Saints, Miracles, and Social Problems in Italian Renaissance Art, by Professor Diana Presciutti, received the AAIS Book Prize – Visual Studies, Film, and Media in recognition of its “exceptional expertise, originality and scholarly rigour.”
The book, which explores how depictions of saints shaped Renaissance Italians’ perceptions of social issues, takes an interdisciplinary approach to art history, incorporating sociology, social history, gender and religious studies.
The Award’s judges praised Professor Presciutti for her “unwavering dedication, intellectual prowess, and pursuit of knowledge.”
Saints, Miracles, and Social Problems in Italian Renaissance Art, published by Cambridge University Press in 2023, focuses on saints from mendicant orders, such as Franciscans or Dominicans, who took vows of poverty and depended on alms for survival.
Unlike most monks, mendicant friars were usually based in cities and they are regularly pictured in Renaissance art performing miracles relating to social problems, such as rescuing children, exorcising the possessed or resolving marital disputes.
“I’ve always found saints fascinating, especially their miraculous acts.
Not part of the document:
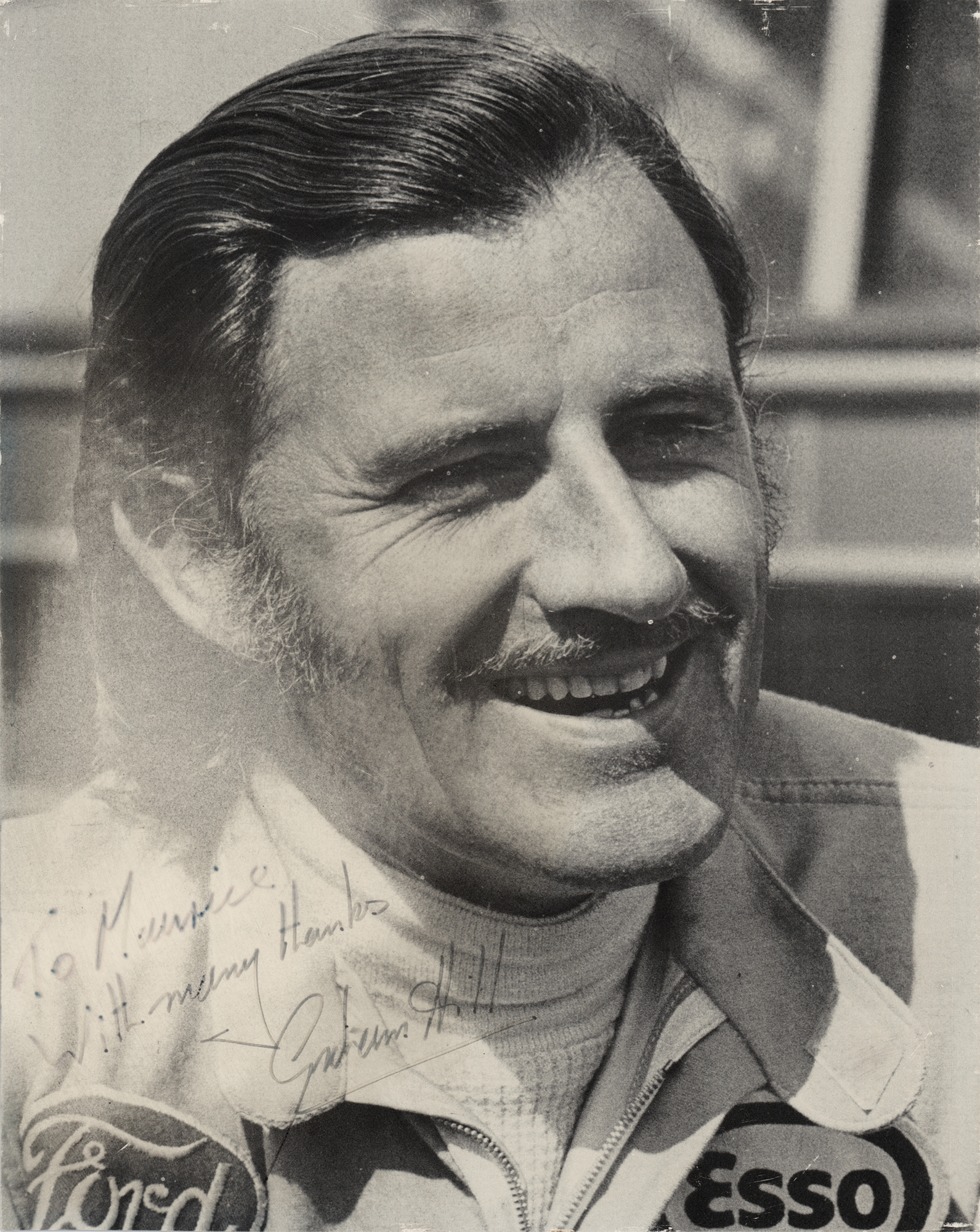 British racing driver (1929–1975) who was twice the Formula One World Champion. He is the only driver ever to win the Triple Crown of Motorsport—the 24 Hours of Le Mans, Indianapolis 500, and the Monaco Grand Prix. Uncommon 8 x 10 cardstock close-up photo of the racing legend, signed and inscribed in black felt tip, "To Maurice, With many thanks, Graham Hill.” In very good condition, with light discoloration and fading to the signature area.

Because they often involve fantastical elements, like shape-shifting demons and dramatic resurrections, miracle stories can seem bizarre and unbelievable to us today,” explained Professor Presciutti.
“But my work is committed to taking miracles seriously, and understanding how they helped Renaissance people to make sense of their world. Seeing representations of saints resolving domestic crises and responding to urgent needs shaped the way people in fifteenth- and sixteenth-century Italy understood the challenges they faced in their daily lives,” she added.